▶ [GOAL OF THE EXERCISE]:
In the copy, keep the lines from the first line of the material below through the line containing "European American Metal" exactly as they are, and include no pictures.

---------- EXCERPTED RECORDS ----------

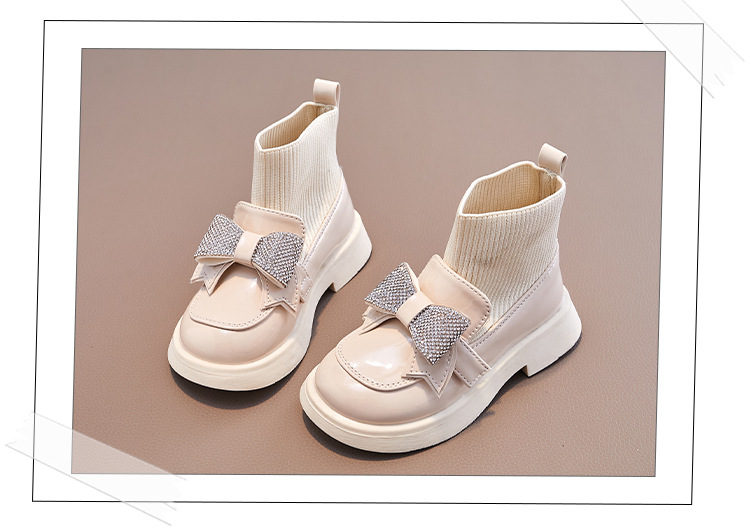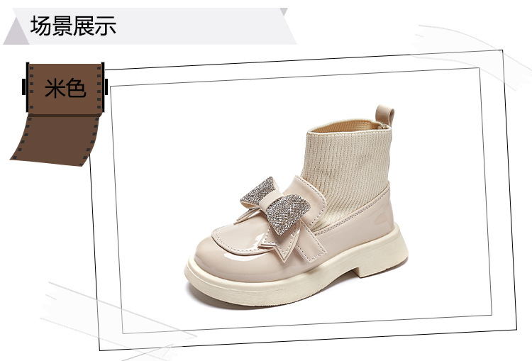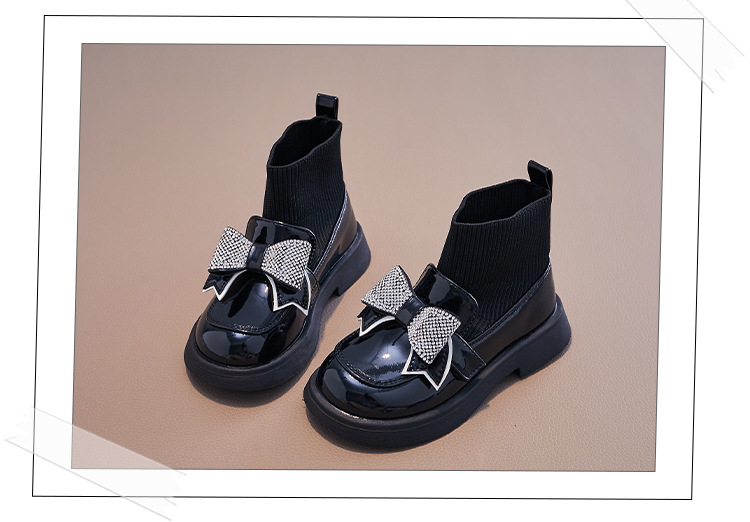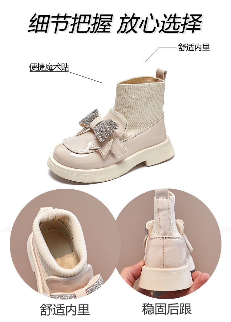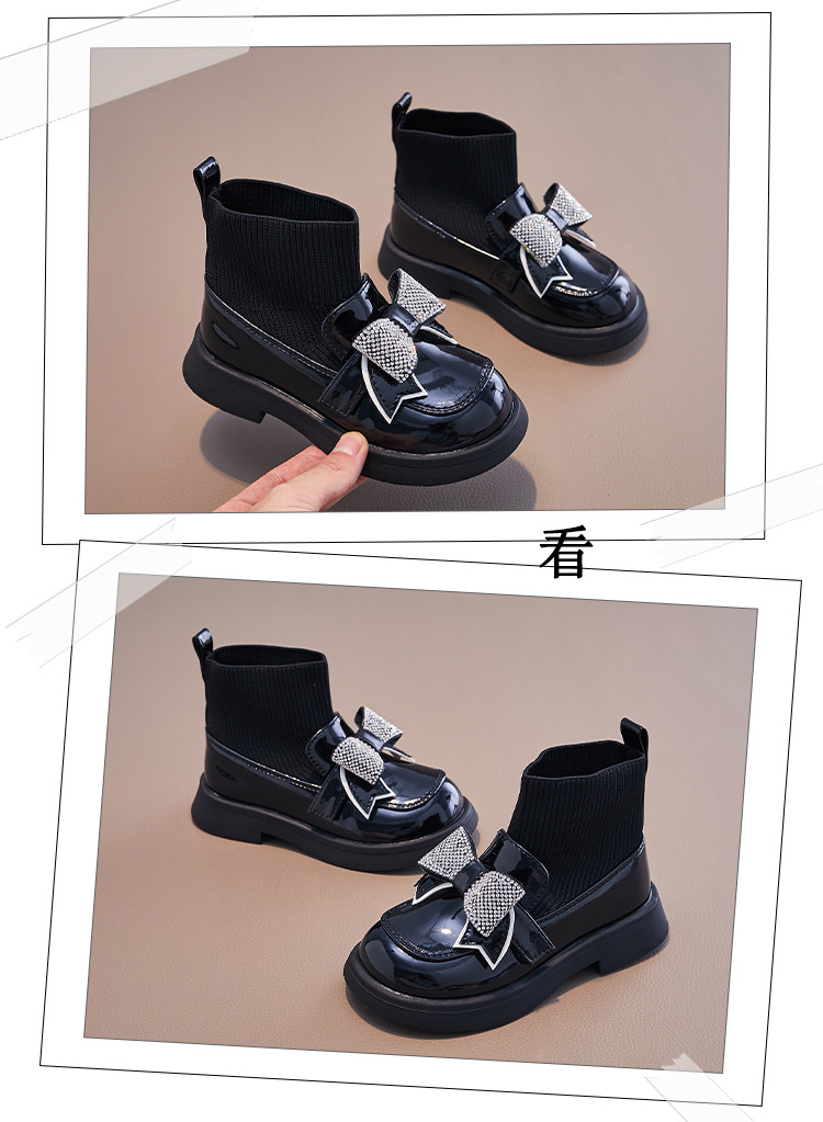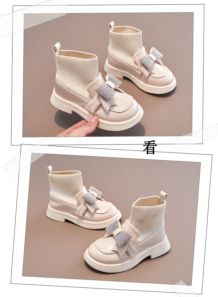 여자 가죽 신발 2025 봄 새로운 여자 싱글 부츠 여자 니트 영국 짧은 부츠 나비 매듭 부츠 어린이 가죽 부츠스토어 가기
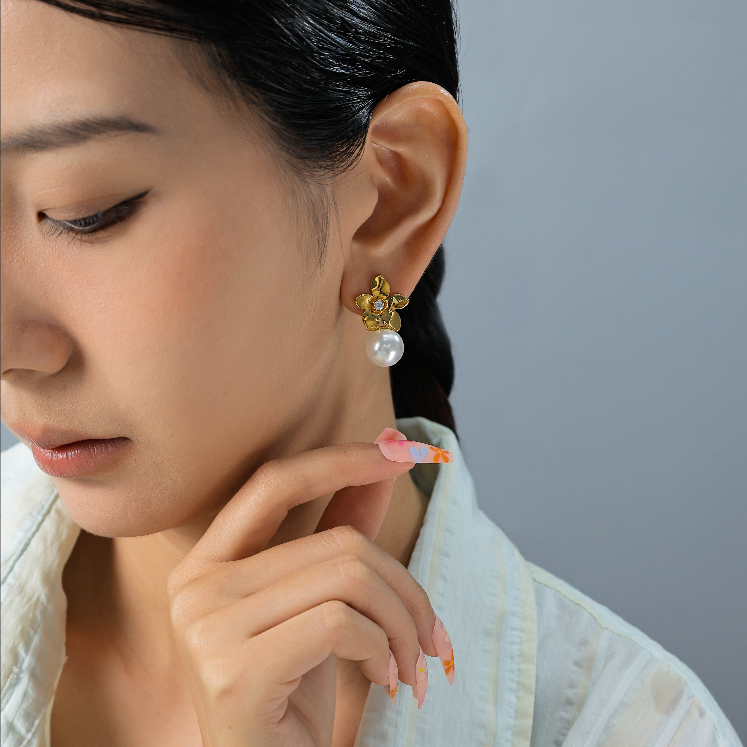European American Metal Flowers Pearl Pendant Earrings Classic Stud Earrings for Girls Original price was: $3.00.$2.80Current price is: $2.80.
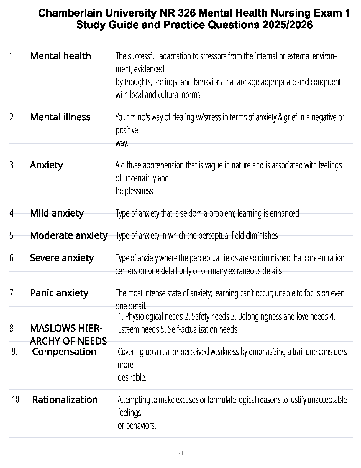 Master the core concepts of Mental Health Nursing with this comprehensive study guide tailored for Chamberlain University's NR 326 Exam 1. This recently updated resource for the 2025/2026 academic year provides in-depth explanations and practice questions covering essential topics such as anxiety disorders, Maslow's hierarchy, defense mechanisms, and the fundamentals of mental wellness. Designed to help you ace your exam on the first attempt, this guide simplifies complex topics, ensuring you build a strong foundation for success in your nursing career. Avoid resits and study smarter with our targeted, easy-to-understand materials.
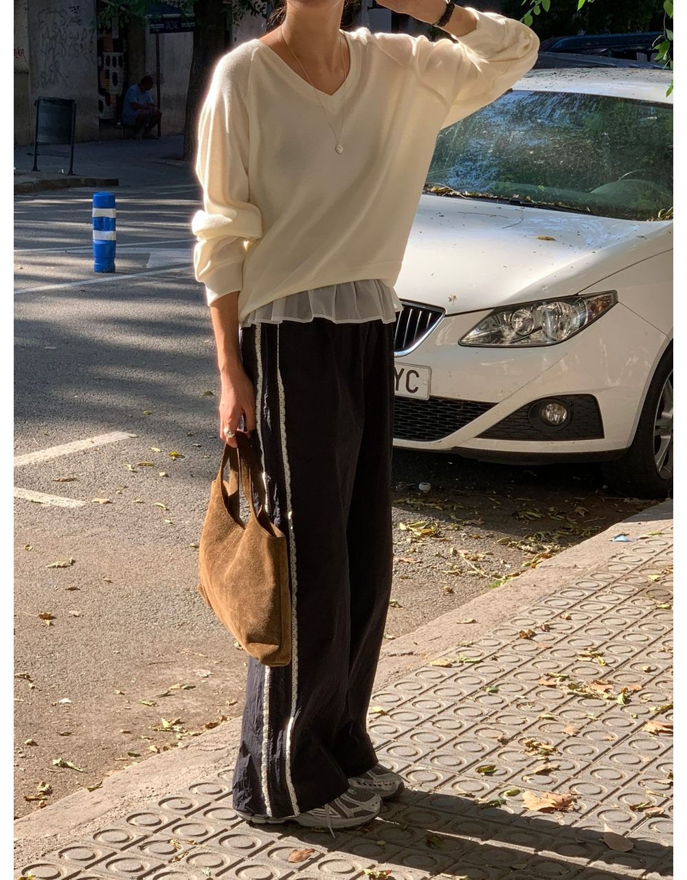 간절기 신상 이안 와샤 레이스트리밍 밴딩 팬츠
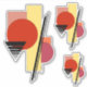 Un triangle noir divisé en segments, une bande trapézoïdale noire divisée en deux, un cercle rouge, un rectangle jaune, un carré rouge pâle, un cercle pourpre, et un carré orange sont des éléments de cet art abstrait de formes imbriquées par Richard H. Fay.

----------

▶ [ANSWER SECTION]:
 여자 가죽 신발 2025 봄 새로운 여자 싱글 부츠 여자 니트 영국 짧은 부츠 나비 매듭 부츠 어린이 가죽 부츠스토어 가기
European American Metal Flowers Pearl Pendant Earrings Classic Stud Earrings for Girls Original price was: $3.00.$2.80Current price is: $2.80.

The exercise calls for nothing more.